As the Covid-19 pandemic continues to affect international travel, it is important to remember that no travel is risk-free. Many countries have initiated travel restrictions to prevent the transmission of the SARS-CoV-2 virus and its variants within their borders. As the pandemic evolves, these restrictions are modified to reflect the assessed risk within a country at that point in time. For example, at the Centers for Disease Control and Prevention (CDC) in the USA they are advising no international travel until the traveller is fully vaccinated.
To minimize the risk of transmission linked to travel, the UK government has introduced a traffic light system classifying countries as green, amber or red. Travellers should not travel to red or amber listed countries where possible, while travel to countries or territories on the green list is allowed with certain provisions (eg pre-travel Covid-19 testing) as it is considered lower risk. The USA has classified countries based on assessed level of Covid-19 risk, from “level unknown” to level 4. As the situation changes, the lists are revised and should be consulted prior to travel.
As the level of risk in different countries and territories varies, so do the health requirements for entry into those countries. Specific country regulations need to be consulted and complied with prior to and following travel. This may include pre-travel Covid-19 testing, demonstrating that a traveller does not have Covid-19, and possible quarantine (with further Covid-19 testing) at the destination. All workers travelling for business reasons are subject to the relevant country specific regulations, which could impact business plans.
The following are guidance notes and should be considered in conjunction with local rules on travel:
Covid-19 general travel advice
- Avoid unnecessary travel.
- Do not travel if you have been recently exposed to Covid-19, you are sick, you test positive for Covid-19, or you are waiting for results of a Covid-19 test.
- Check the destination country for policies on what kind of travel is permitted.
- Follow the recommendations of the travel authorities regarding policies at the airport and for the specific airline being used.
- Follow general hygiene advice: wash hands frequently, use hand sanitiser, cough or sneeze into a bent elbow or tissue, wear face coverings and try to maintain a physical distance of at least one metre from others.
- Travellers aged 60 and over, and those with serious chronic illnesses or underlying health conditions, are considered high-risk and should therefore try to postpone travel or take special precautions, ensuring a medical face mask is worn continuously throughout the travel.
- Travellers who feel healthy and have no symptoms can wear a fabric mask to prevent any virus they may have from spreading to others.
- Continue to follow prevention strategies at the destination (ie hands-face-space).
- Travellers should self-monitor for any symptoms up to 14 days after arrival. Report any symptoms and your travel history to local health facilities and follow national protocols.
Vaccine certificate / passport
A vaccine certificate or passport is proof that the traveller has been fully vaccinated against Covid-19 and can travel without the need to quarantine. The traveller should have received their final vaccination dose at least 14 days before travel.
EU countries have introduced the Digital Green Certificate and the UK has introduced the vaccine certificate (an NHS app) as evidence of full vaccination.
The EU’s Digital Green Certificate is proof that a person has:
- been vaccinated against Covid-19
- received a negative test result, or
- recovered from Covid-19.
The Digital Green Certificate should facilitate free movement inside the EU. It will not be a pre-condition to free movement, which remains a fundamental right. However, the certificate is an opportunity for Member States to adjust the existing restrictions on public health grounds.
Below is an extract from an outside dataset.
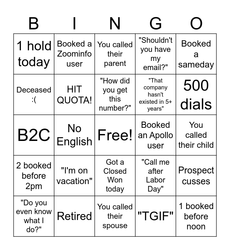 This bingo card has a free space and 24 words: "I'm on vacation", Retired, "How did you get this number?", "Do you even know what I do?", Booked a sameday, 1 hold today, Deceased :(, Booked a Zoominfo user, Booked an Apollo user, Got a Closed Won today, "That company hasn't existed in 5+ years", B2C, "Call me after Labor Day", Prospect cusses, HIT QUOTA!, "TGIF", You called their child, You called their parent, 500 dials, No English, 1 booked before noon, 2 booked before 2pm, "Shouldn't you have my email?" and You called their spouse.

People who have not been vaccinated will still be able to travel but will need to comply with Covid-19 testing and quarantine rules of the destination country, as well as complying with local rules on their return.
Travelling for work
The UK has provided a list of jobs that qualify for travel exemptions. Included in these jobs are aircraft pilots and crew, border security workers, downstream oil facility workers, drivers of goods vehicles and nurses. The government website needs to be consulted to see what requirements each of the job categories is required to meet.
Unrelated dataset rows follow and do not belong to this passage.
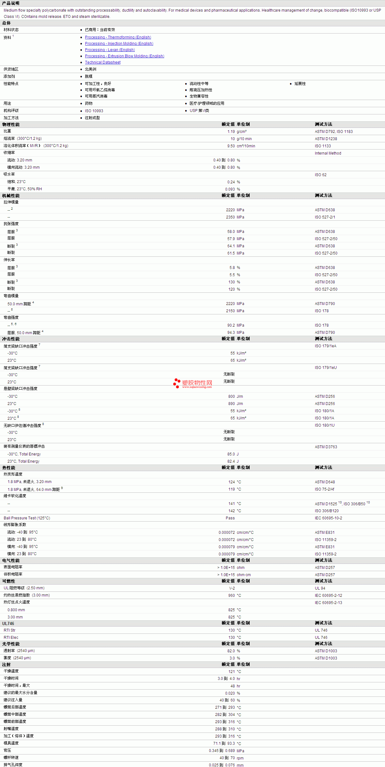 | 溶化体积流率(MVR) (300°C/1.2 kg) | 9.50 | cm³/10min | ISO 1133 |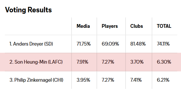 손흥민은 현지 미디어 투표에서 7.91%, MLS 현역 선수와 각 구단 기술 스태프 투표에선 각각 7.27%와 3.7% 등 평균 6.3%의 지지를 받는 데 그쳤다.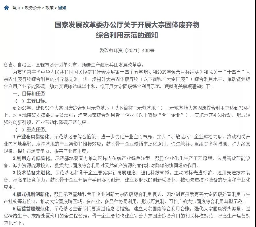 5月30日,國(guó)家發(fā)展改革委辦公廳又發(fā)布了《關(guān)于開展大宗固體廢棄物綜合利用示范的通知》,旨在進(jìn)一步提升大宗固廢綜合利用水平,推動(dòng)資源綜合利用產(chǎn)業(yè)節(jié)能降碳,助力實(shí)現(xiàn)“碳達(dá)峰、碳中和”。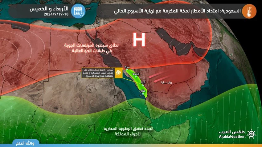 و لكن مع نهاية الأسبوع، يتم مراقبة أن يمتد نشاط السُحب الركامية لمنطقة مكة المكرمة و قد تطال الطائف و مُرتفعات جنوب شرق و شرق مكة.

IOSH recommends the following key actions organisations can take to manage traveller health, safety and wellbeing:
- Consider whether the travel is absolutely necessary - can you achieve the same result with video conferencing and minimise the risk to both organisation and traveller?
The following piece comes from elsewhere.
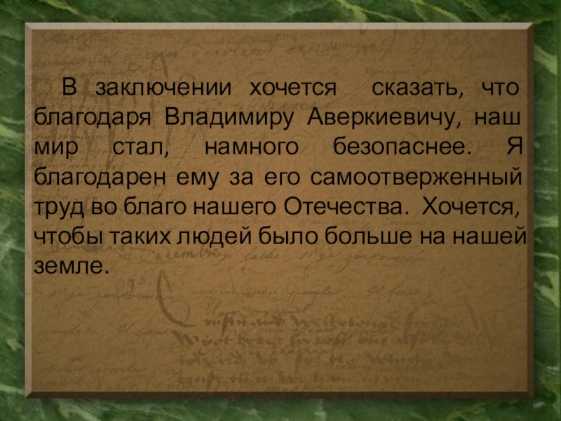 В заключении хочется сказать, что благодаря Владимиру Аверкиевичу, наш мир стал,

- If travel is essential, make every effort to ensure all travellers are fully vaccinated before they do so
- Situations such as the coronavirus pandemic can change rapidly, potentially leaving travellers stranded or quarantined. Consider introducing “fly/no fly” decisions based on best available guidance, such as governmental travel advice
- Where travel is deemed necessary, complete a travel risk assessment that incorporates not only the travel, accommodation and work itself, but also the traveller’s physical and mental capabilities
- Ensure the means to support travellers are available if they do develop Covid-19 whilst travelling This includes interventions for medical assistance, Covid-19 testing, quarantining in the destination country, and possible casualty evacuation
- Provide relevant information, instruction and training to travellers, the nature and extent of which should be identified during the risk assessment process.